Jul 7, 2:58 AM EDT
Libyans vote in 1st election after Gadhafi
By MAGGIE MICHAEL
Associated Press
TRIPOLI, Libya (AP) -- Libyans started voting on Saturday in the first parliamentary election since the ouster and slaying last year of longtime dictator Moammar Gadhafi, a major step forward on the tumultuous transition to democratic government after more than four decades of authoritarian rule.
The election for a 200-seat legislature was being held amid intense regional rivalries, fears of violence and calls for a boycott. However, lines began to form outside polling centers more than an hour before they were scheduled to open in the capital Tripoli. Policemen and army soldiers were guarding the centers, searching voters as well as election workers.

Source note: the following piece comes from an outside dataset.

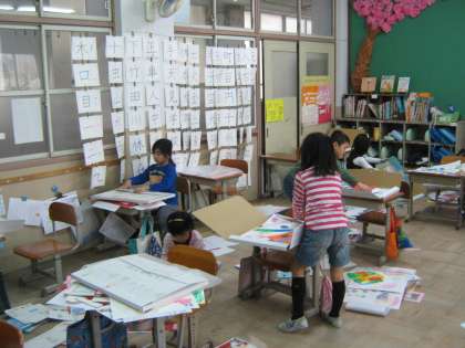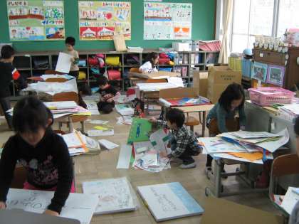 1年間に描いた絵や書き方の作品などを持って帰ります。特製の作品バッグに入れて大切に持って帰ります。お家でも見返してもらい,がんばりを認めていただけると子どもたちも来年度への意欲が増すと思います。

Libya's election is the latest fruit of Arab Spring revolts against authoritarian leaders. It is likely to be dominated by Islamist parties of all shades, a similar outcome to elections held in the country's neighbors Egypt and Tunisia, which had had their own, though much less bloody, uprisings.
In the oil-rich east, where there is a thriving autonomy movement, calls for a boycott and pre-election violence have cast a shadow over the vote. But in Tripoli, voters were jubilant.
http://en.wikipedia.org/wiki/Libyahmmmm.
Prior to those four decades of rule by Gadafi, Libya had been a monarchy for 18 years and prior to that, it had been under colonial rule. So, that nation has never seen anything but authoritarian rule.
Yet, they were on line to vote all of one hour before polls opened?
I was so excited to vote for obama in 2008, I was on line more than an hour before polls opened and so were others (hence, a line). And that was not the first election in the U.S. or the first election in which I voted.
Why are Libyans less excited to vote for the first time ever in an allegedly honest election than my fellow Bostonians and I were to vote in 2008?